The lady who answered the door with a baby in her arms and three other young children crowded around her couldn’t contain her emotion as she was handed the crates of food and black sacks full of toys and clothes.
As she wiped away the tears which were running down her cheeks, she said: “I don’t know how I would have managed without this help.”
On her own and with little family support, she had been facing a very bleak festive period until the kindness of the people and businesses of Kirkcaldy stepped in to help by donating to the Cottage Family Centre’s seventh annual Christmas appeal.
“I could never have afforded to even buy them food like this, never mind all the presents too. People are just so kind and I want to thank everyone who has given anything to help us,” she added.
It wasn’t just her four little children who were given a helping hand by the Cottage to see them through, but hundreds of other just as vulnerable children in and around Kirkcaldy.
Those like the Templehall family where the father had been made redundant just a few months before Christmas, or the family where both parents were on zero hours contracts and struggling to pay the bills, or where one parent had become seriously ill – the list is endless.
Around the town 950 families enjoyed a joyful Christmas thanks to the generosity of Fifers who showed the true meaning of the season.
The kindness of complete strangers helped families to enjoy a hot cooked Christmas dinner in a warm house with presents for their children to open.
It ensured they had new pyjamas to wear to bed – and in some cases even ensured they had a proper bed to sleep in, and that they had a warm winter coat to wear in the freezing cold weather.

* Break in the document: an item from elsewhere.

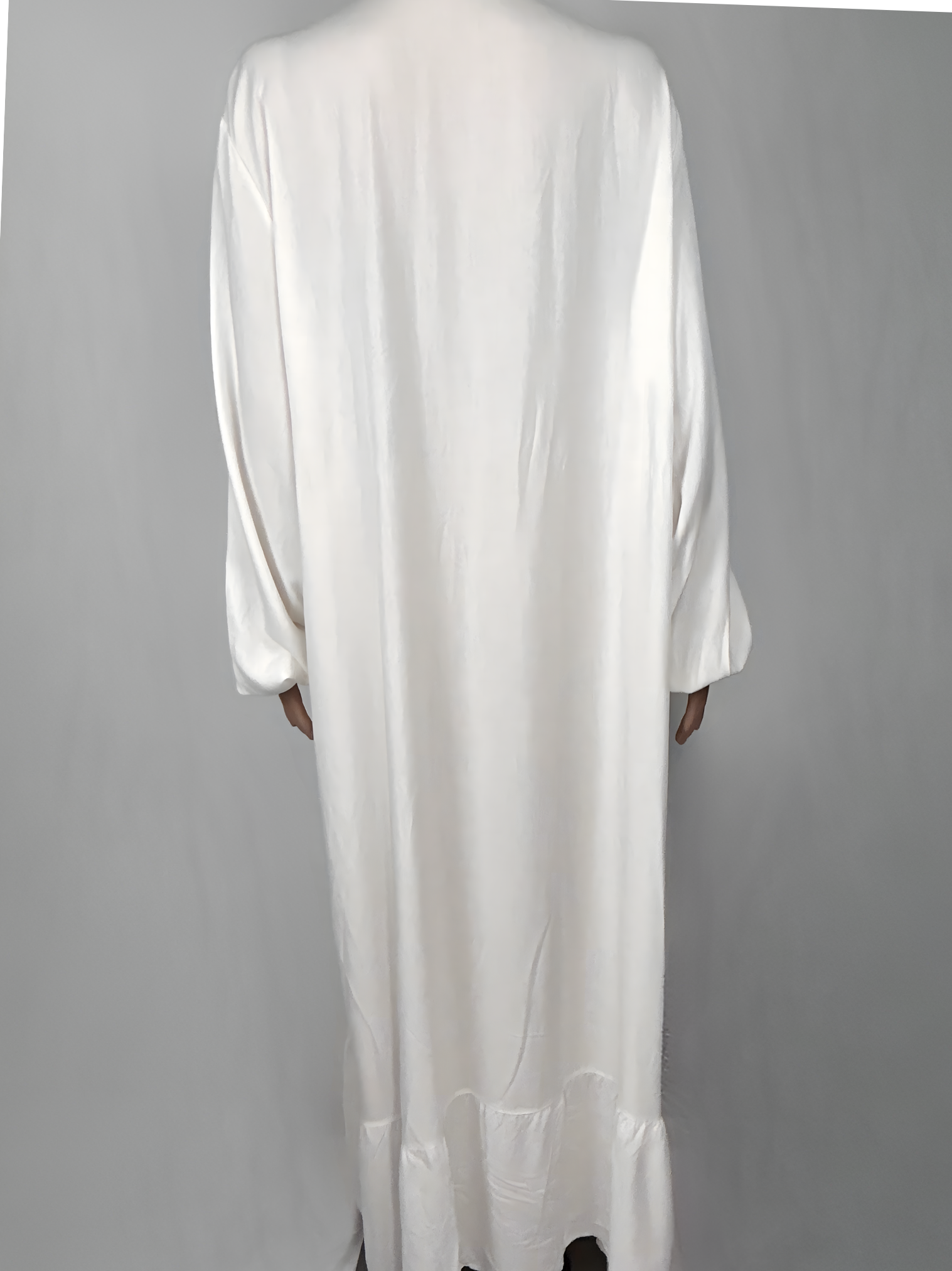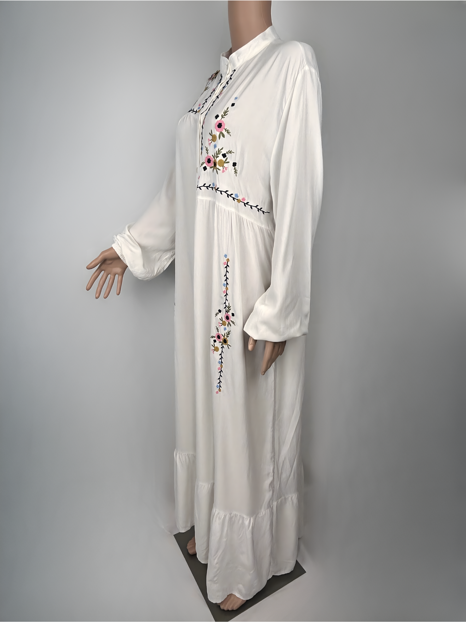 Effortlessly chic and timeless, this long white maxi dress is adorned with intricate floral embroidery that brings a fresh, feminine touch to any wardrobe. The button-down front and mandarin collar offer a polished, versatile look, while the relaxed long sleeves with gentle elastic cuffs ensure all-day comfort. A subtle gathered seam at the waist creates a flattering silhouette, and the softly ruffled hem adds a hint of playful movement. this dress is perfect for everything from casual brunches to special gatherings. Pair it with delicate jewelry and a light scarf for a gracefully modest ensemble you’ll love season after season.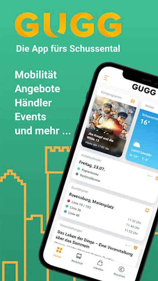 With GUGG you will find all relevant information for your everyday life in the Ravensburg / Weingarten region: weather, events, cinema program, parking guidance system, waste calendar, bus departures, availabilities tws.rad and shopping guides are just a tap away and can be completely personalized.

And like them, the many families who the food, toys and clothes were delivered to last Friday, want to express their heartfelt thanks to every person who took the time to hand in everything from tins of beans or £5 to hundreds of selection boxes and carefully chosen gifts for children whose parents are going through very difficult circumstances and needed a helping hand.
As one person summed up: “These are people who don’t know me or my children, or anything about what we are going through, but they helped us anyway and they showed us that people do still care about others.”
And isn’t that the true meaning of Christmas?
Delivery D-Day runs like clockwork
Having spent the last few months writing about the generosity of the many Fife businesses, shops, groups and individuals, as well as the staff and volunteers who helped make the appeal such a success, I was keen to see the huge operation in action.
And huge it was, with two massive industrial units at Hayfield filled to bursting with crates of food and black sacks of presents carefully numbered to ensure they all reached their final destination together.
Dozens of volunteers helped load them onto a huge fleet of vans, again provided free by generous local companies such as CMS and Briggs Marine as well as Fife Council, in a military style operation.
And although there were a few minor blips such as one sack of toys not being loaded with the rest, they were soon put right.
Deliveries were still arriving on the day and being sorted into the correct age groups, while the last minute perishable foods were added to the crates.
Going out to deliver them with a member of the Criminal Justice social work team proved a real eye opener, and even some of the social workers who are used to dealing with vulnerable families every day were shocked by the level of poverty some children are still living in.
The question I kept hearing time and time again was: “How can this still be happening in 2017?”
And, with ever increasing numbers needing help every year that the appeal has been running, where will it all end?